# dressing up a '41 (?) frame - decal suggestions?



## massaloch (Mar 1, 2007)

Hi,

New member and new owner of a couple of old bikes - a '41 Excelsior and a repainted frame/fork which from the serial # I assume is also a '41 - photos below. Excelsior has # F4xxxx and the repainted one (call it the 'black one') is F36xxx.  The frames are otherwise identical.  In the mail is coming what I'm pretty sure is the correct fork for the Excelsior, whose fenders and chainguard have been removed for safekeeping (as will the wheels & tires) until such time as I scrounge up original parts to dress her up nice and proper 

I have no idea if the guy I got the black bike from painted it as it had been - black/creme - nor if the forks match the frame.  I'm still coming up to speed on the history of these bikes, and am curious if the paint matches the frame matches the fork (I realize the truss rods dont - where to find the right ones?)  If they're not mismatched, what year(s) would this be?

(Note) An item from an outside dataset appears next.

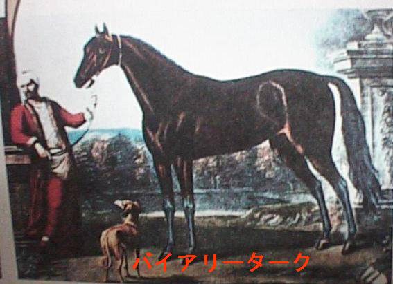 いませんでした。他のヨーロッパの国々が多かれ少なかれタタール系かイスラム系の騎馬民族の影響を受け、騎兵と馬を育てるのにやっきになっていた時代にも、イギリスは島国という環境もあり、そんなに切羽詰った状況ではなかったのです。18世紀初頭に、サラブレッド3大始祖の1頭、ダーレアラビアンが輸入されます。こうしたアラブ系の馬は当時のイギリスにはほとんどいないため貴重品として大切にされ、それらの子孫がイギリスとしてはすばらしい競走馬になっていきました。当時のイギリスには馬産という伝統がなく、アラブ馬は、イギリスの大きな馬の牝系やタークとの混血などと交配されていきました。こうした雑種的な交配は、イギリスでのみ行われました。1746年、ダーレアラビアンの直系として生まれたエクリップスはとてつもなく強い馬で、他の馬とはまったく競走にならなかったといわれています。それも当然で当時のイギリスは何度も言うように他のヨーロッパの国々に比べ、馬産の後進国です。ここで世界レベルの馬が出れば他の馬では相手にならないのは当たり前のことでした。これと同じ事がバイアリータークにも言えます。しかし、1790年ごろにサラブレッド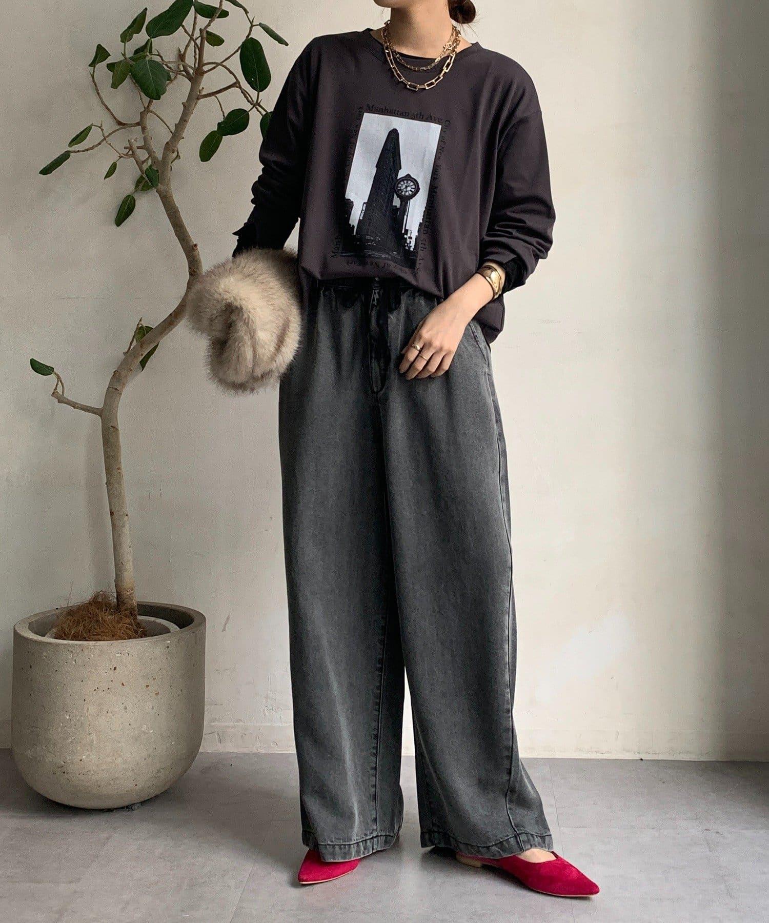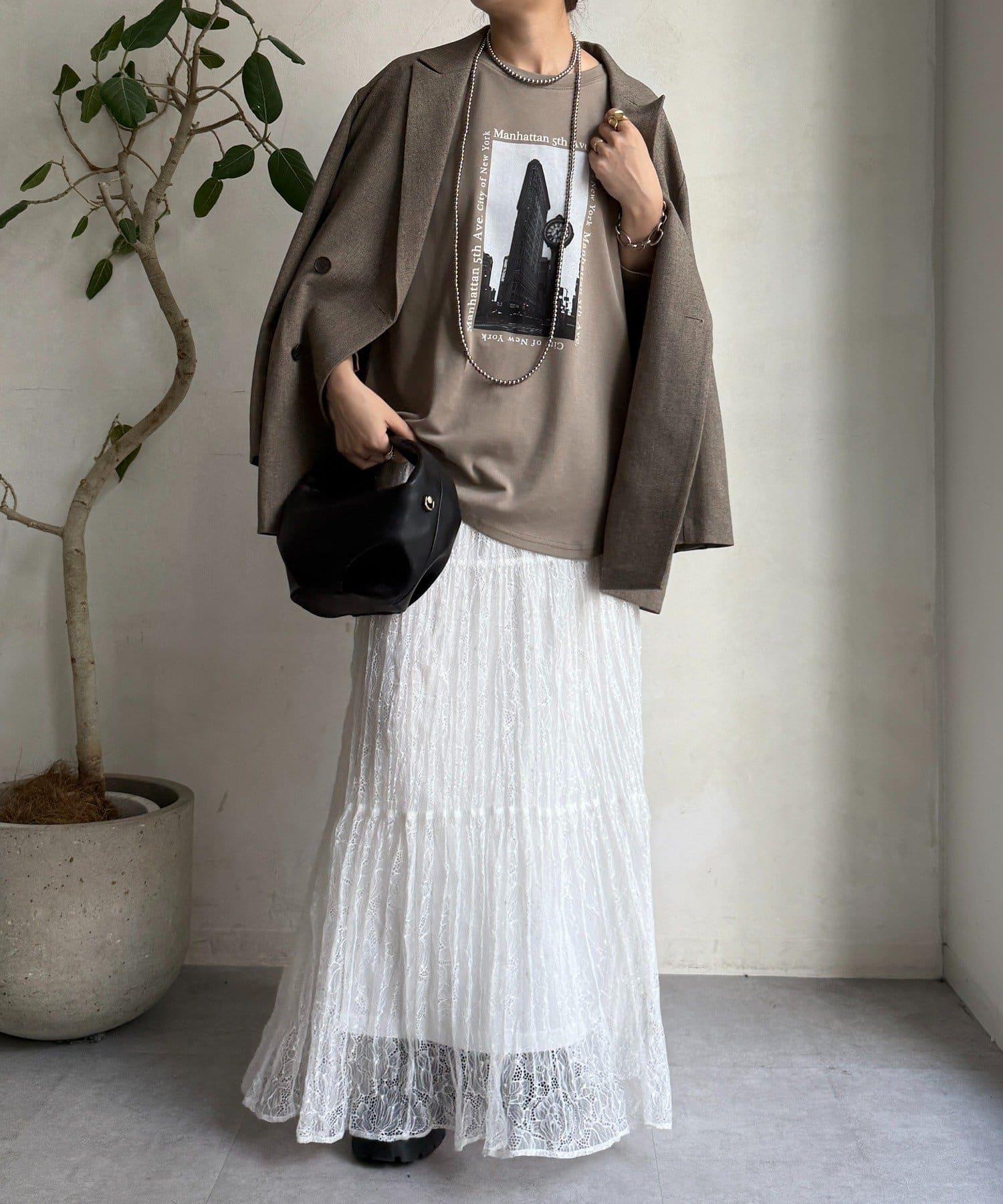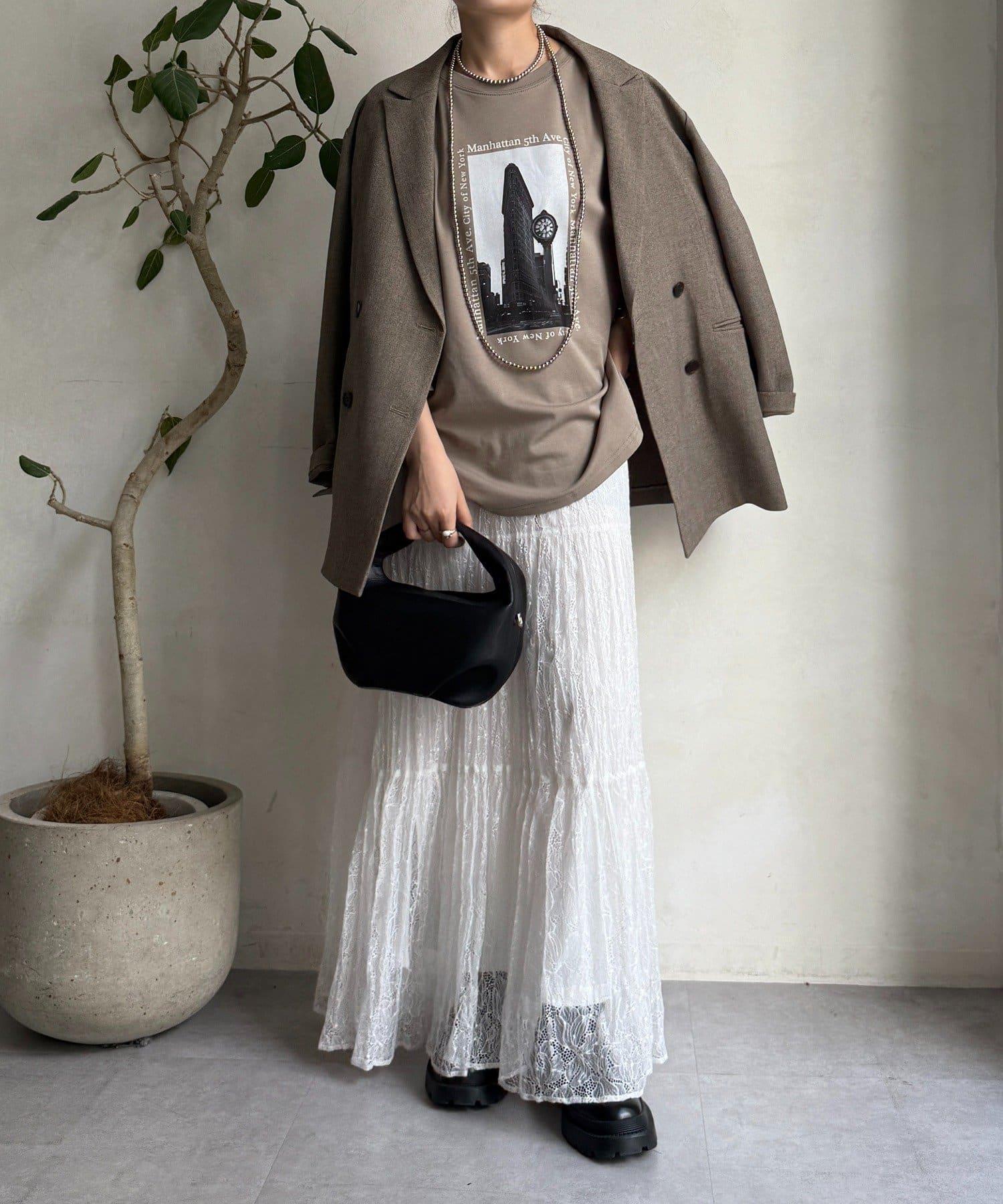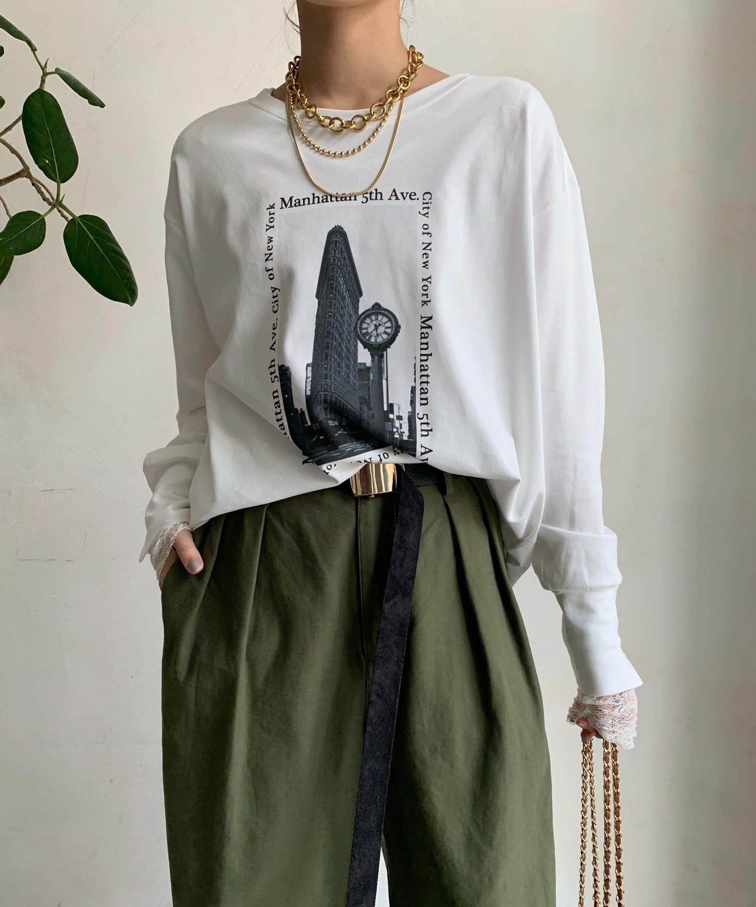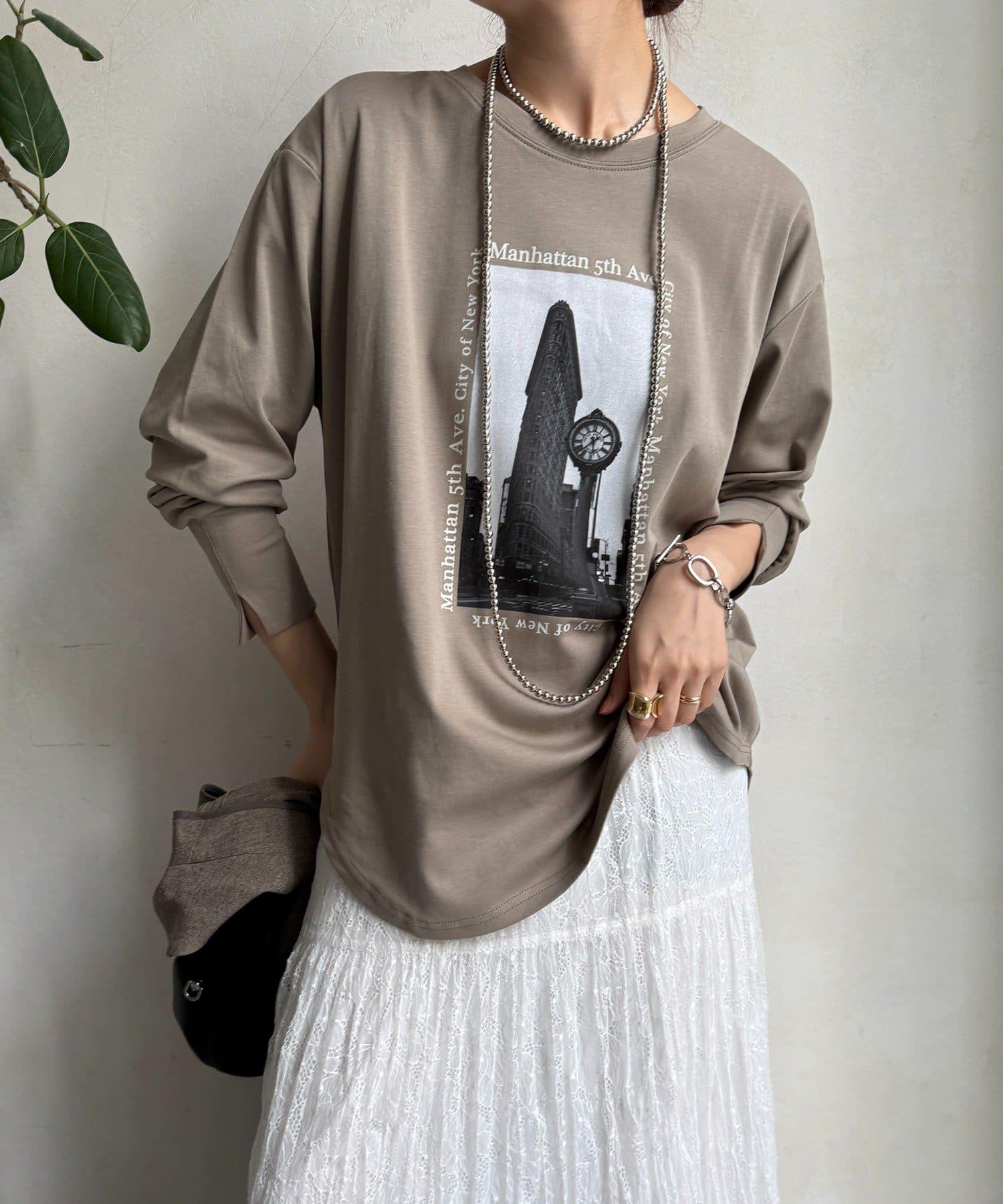 單調的風景印花給人休閒又不失時尚的印象。

I'm not too concerned with accuracy on this bike - I'm putting modern components on it (no brazing! - nexus 8 w/roller brake, S/A drum in front).  As a finishing touch I want to put reasonably appropriate decals on it, as well as a head badge, and I'm looking for suggestions.  I like some of the "private label" badges that I understand some retailers routinely swapped onto bikes they sold, but wonder what Schwinn badges would be appropriate, too.

I'm also considering a tank, fenders, etc, though I cant seem to find one-stop-shopping for repro parts.

Any suggestions appreciated!

Mark


----------



## J.E (Mar 1, 2007)

Nice start for a project.They are both DX Model schwinns.


----------



## JAcycle (Mar 2, 2007)

*Nexus hub*

THe Nexus hub is a wonderful idea but..................It is too wide for the rear dropout. Im just telling you this from my experience.You must modify the frame.Good luck w/ the project though


----------



## massaloch (Mar 3, 2007)

JAcycle said:


> THe Nexus hub is a wonderful idea but..................It is too wide for the rear dropout. Im just telling you this from my experience.You must modify the frame.Good luck w/ the project though




By chance the rear has been spread to 124mm already - the OLD on the Nexus is 133mm. If need be I can have it spread another 9mm.  In the short term I was going to put a pair of repro wheels on it - I'm stuck with two front wheels at the moment, and I have an ND Model D I could lace onto one; that's when I discovered it was too wide for the ND.

 Thanks for the tip, though!  You just reminded me that the other bike might need to be spread to take the bendix manual 2 speed that's on it's way.

Mark


----------